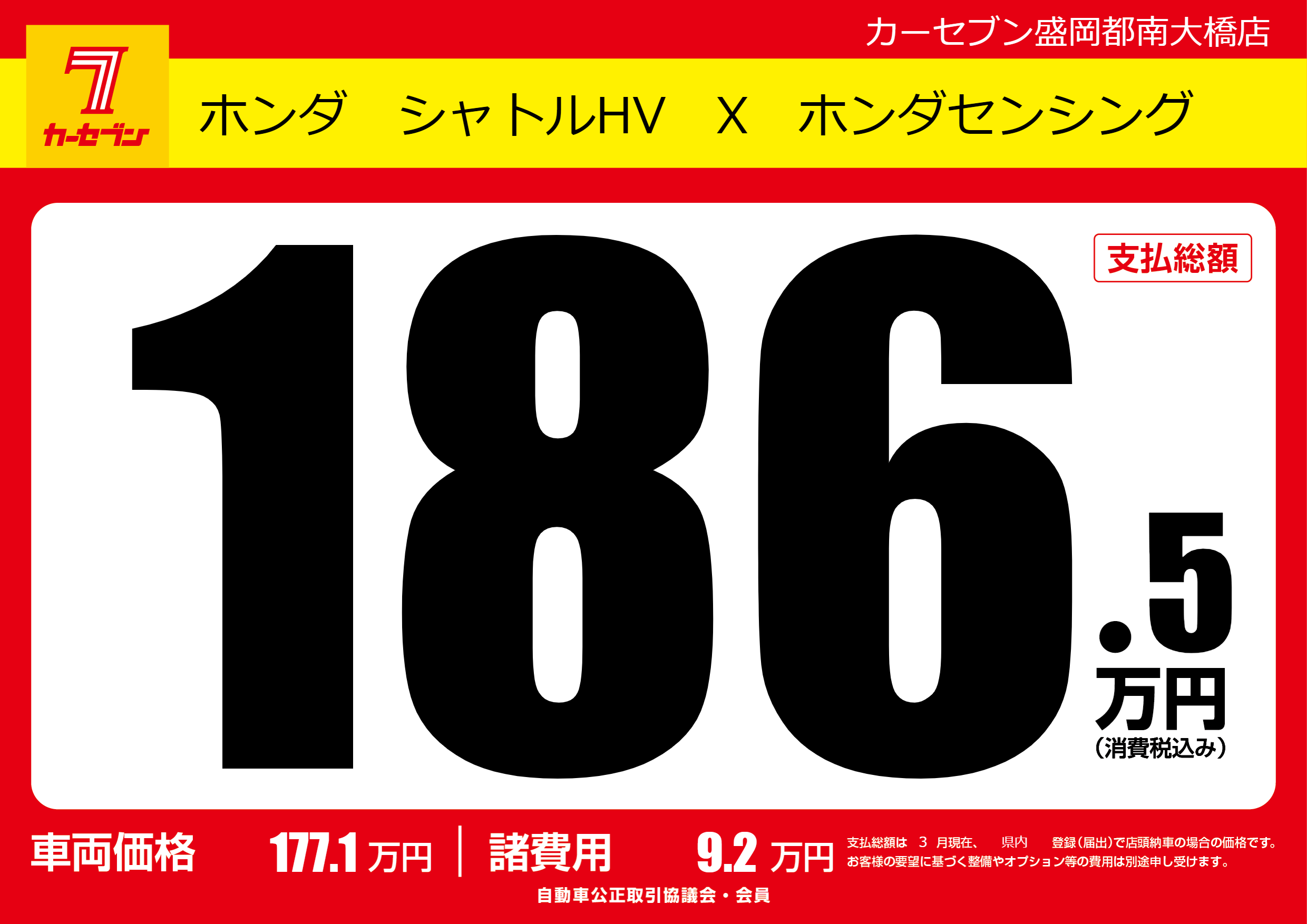 | 車名 | ホンダ シャトルHV X ホンダセンシング | グレード ミッション 排気量 |
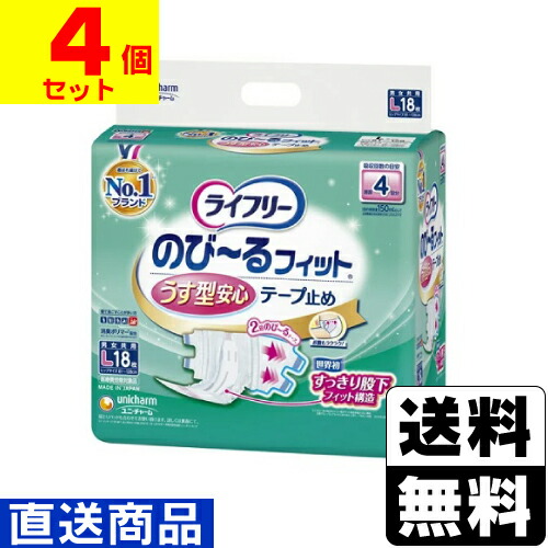 ■直送■[ユニチャーム]ライフリー のびーるフィットうす型安心テープ Lサイズ 18枚【1ケース(4個入)】同梱不可キャンセル不可[送料無料]
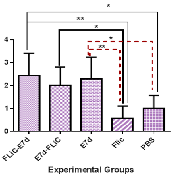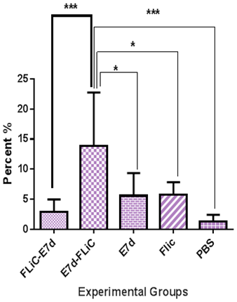 Apoptosis: Evaluation of apoptosis Results shows that immunization with Flic-E7d cause significant increase apoptosis versus control groups (Flic vaccine and PBS) (P=0.0012, P=0.0185 respectively). Also, immunization with E7d-Flic vaccine candidate shows significant increase of apoptosis level versus Flic control group (P=0.0186). Apoptosis level at group received E7d vaccine has increased as compared with PBS and Flic control groups (P=0.0437, P=0.003 respectively). The apoptosis level at Flic-E7d, E7d and E7d-Flic groups shows no significant differences versus each other (p>0.05) (Figure 3).
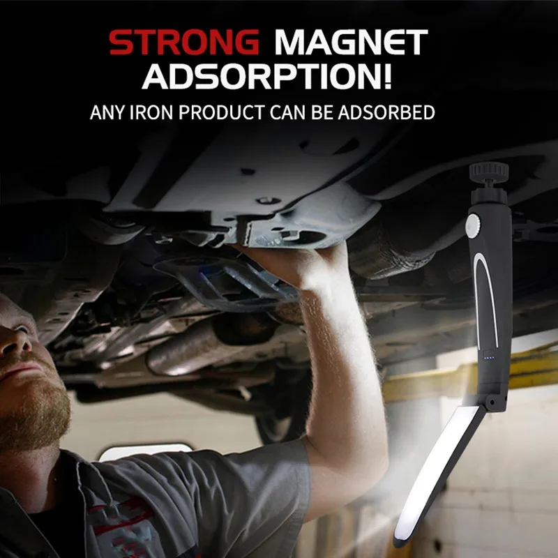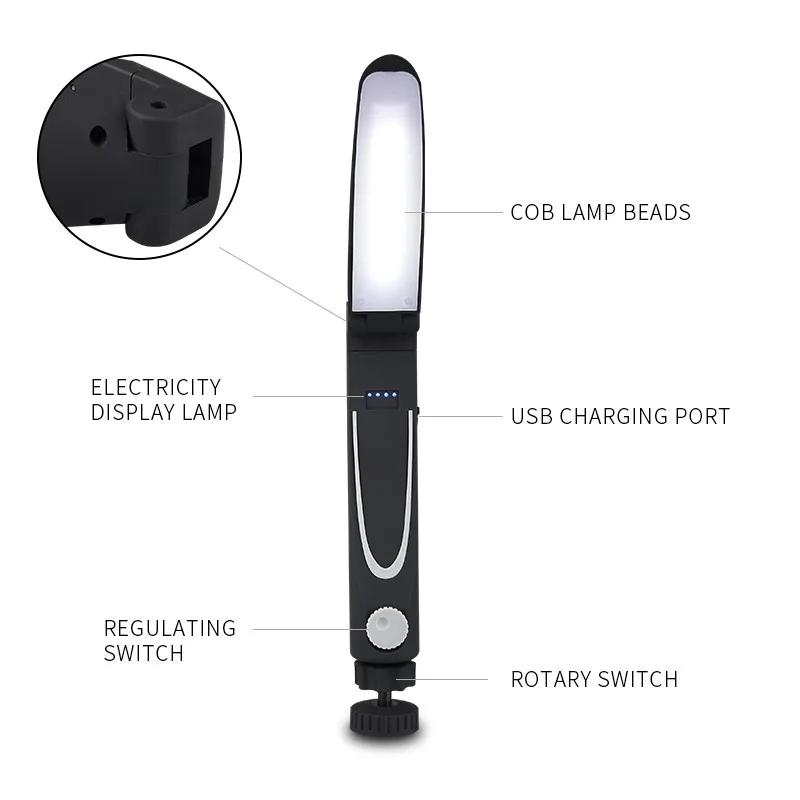 Features: 1. Folding design, 360° rotation. Easy to carry, it can be used on ferrous metal surfaces. 2. Green energy saving and environmental protection. 3. Built-in rechargeable lithium battery, charging with USB power cord. 4. Available USB charger, car charger, mobile power, computer USB for charging. 5. Suitable for vehicle maintenance, workshop maintenance, outdoor activities, emergency lighting, etc.
*****
• [PROBLEM REQUIREMENTS] Copy out the material above in full and exactly; its pictures are not to appear.

• [RESULT BELOW]
 | 車名 | ホンダ シャトルHV X ホンダセンシング | グレード ミッション 排気量 |
 ■直送■[ユニチャーム]ライフリー のびーるフィットうす型安心テープ Lサイズ 18枚【1ケース(4個入)】同梱不可キャンセル不可[送料無料]
 Apoptosis: Evaluation of apoptosis Results shows that immunization with Flic-E7d cause significant increase apoptosis versus control groups (Flic vaccine and PBS) (P=0.0012, P=0.0185 respectively). Also, immunization with E7d-Flic vaccine candidate shows significant increase of apoptosis level versus Flic control group (P=0.0186). Apoptosis level at group received E7d vaccine has increased as compared with PBS and Flic control groups (P=0.0437, P=0.003 respectively). The apoptosis level at Flic-E7d, E7d and E7d-Flic groups shows no significant differences versus each other (p>0.05) (Figure 3).
 Features: 1. Folding design, 360° rotation. Easy to carry, it can be used on ferrous metal surfaces. 2. Green energy saving and environmental protection. 3. Built-in rechargeable lithium battery, charging with USB power cord. 4. Available USB charger, car charger, mobile power, computer USB for charging. 5. Suitable for vehicle maintenance, workshop maintenance, outdoor activities, emergency lighting, etc.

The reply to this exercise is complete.